Bertozzi *et al.* [13] present a re-creation task migration mechanism, based on a software middleware layer, which interfaces the process' execution and the kernel. This layer handles the whole migration process, which can be performed in a set of points defined by the user, at the application code. Briao *et al.* [14] also follow a re-creation approach and investigate the impact of migration overhead in real-time systems. The task migration is performed through the interprocess communication messages, used to migrate the application code, data and processor context.

Gantel *et al.* [15] propose a task migration approach based on the replication method. In particular, they present a software



Fig. 1. Application and architecture model

layer, which handles the migration among soft-core processors. Cannella et al. [16] present a middleware layer, which allows the integration of Polyhedral Process Network (PPN) processes with NoC-based MPSoCs. This middleware layer includes two main components. The first one is called PPN communication and it is responsible for the communication and respective synchronization between the PPN processes in different PEs on the MPSoCs. The second one is responsible for the migration process among the different PEs. The proposed solution uses the replication mechanism, since the faster execution is privileged. An extension of that work is introduced by Meloni et al. [17], where the authors propose a hardware task migration module similar to our work. They argue that their module performs independent task migration from a faulty PE. However, they emulate its behaviour in software and, consequently, no hardware overhead and predictability evaluation are performed.

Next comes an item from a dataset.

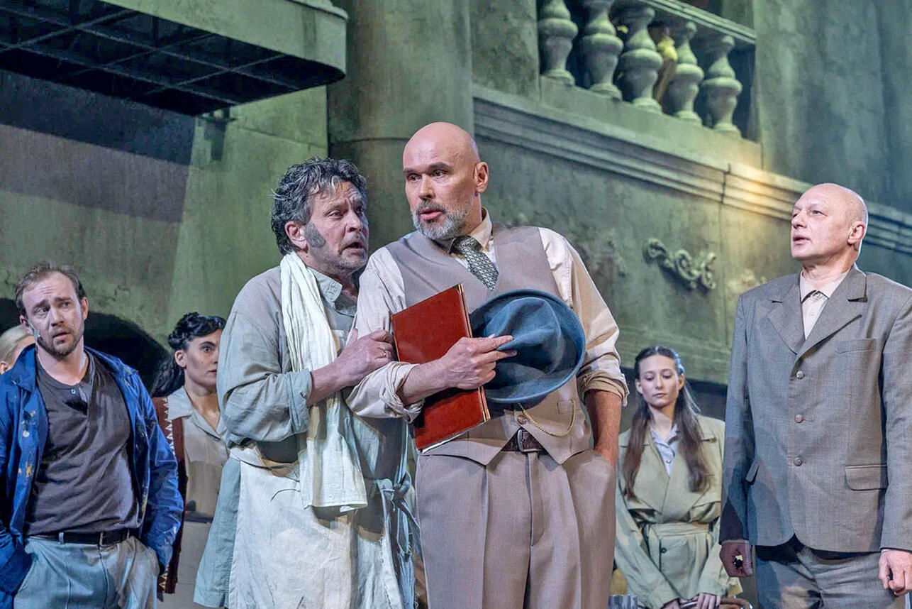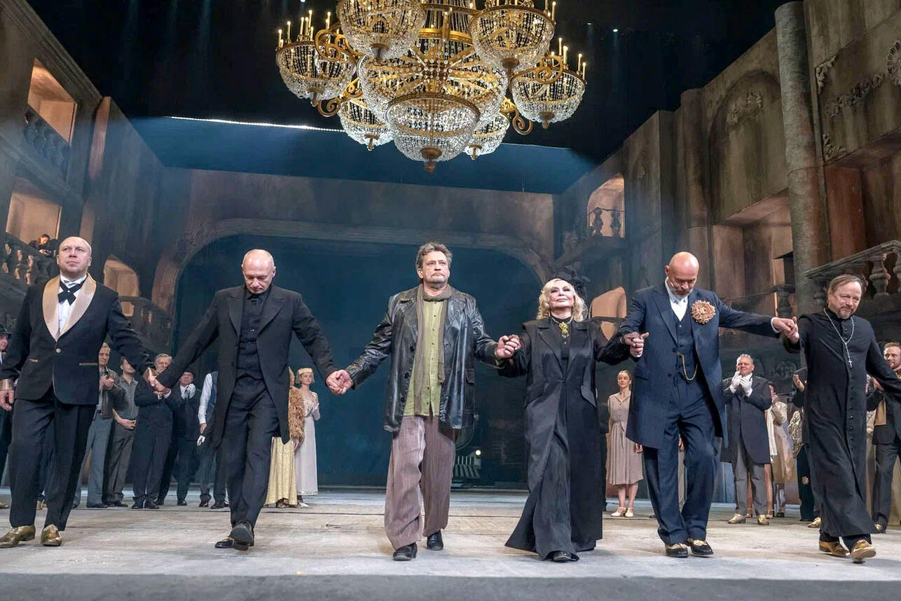 Яна БулашВ спектакле отчетливо звучит каждая деталь. Значимую роль играют видеопроекции – камера приближает главную героиню и следует за артистами, чтобы зрители могли видеть их глаза и эмоции. И мы как будто бы присутствуем рядом с героями в важные для них моменты. Фактически отдельным персонажем становиться массивная люстра из золота и хрусталя, которая в финале опускается на жителей города, погребая всех с их мелкими страстями.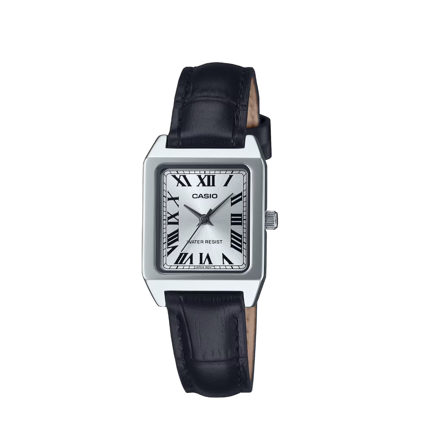 Montre femme rectangulaire acier 22 mm, Chiffres Romains, Cuir noir, Casio

All the presented works implement or emulate the task migration mechanisms in software, creating middleware layers to increase the operating system functionalities. However, from the timeliness and predictability perspective, the software implementations have intrinsic overheads and high jitter in their actions. On the other hand, from the fault-tolerance perspective, if a PE fails during the execution, the migration of this task in software to another PE (to complete its execution) would be impossible, since its own PE is faulty. To overcome this limitation, we propose a new hardware approach for the task migration mechanism in MPSoCs, which provides predictable task migration suitable for multimedia applications with strict timing and throughput constraints.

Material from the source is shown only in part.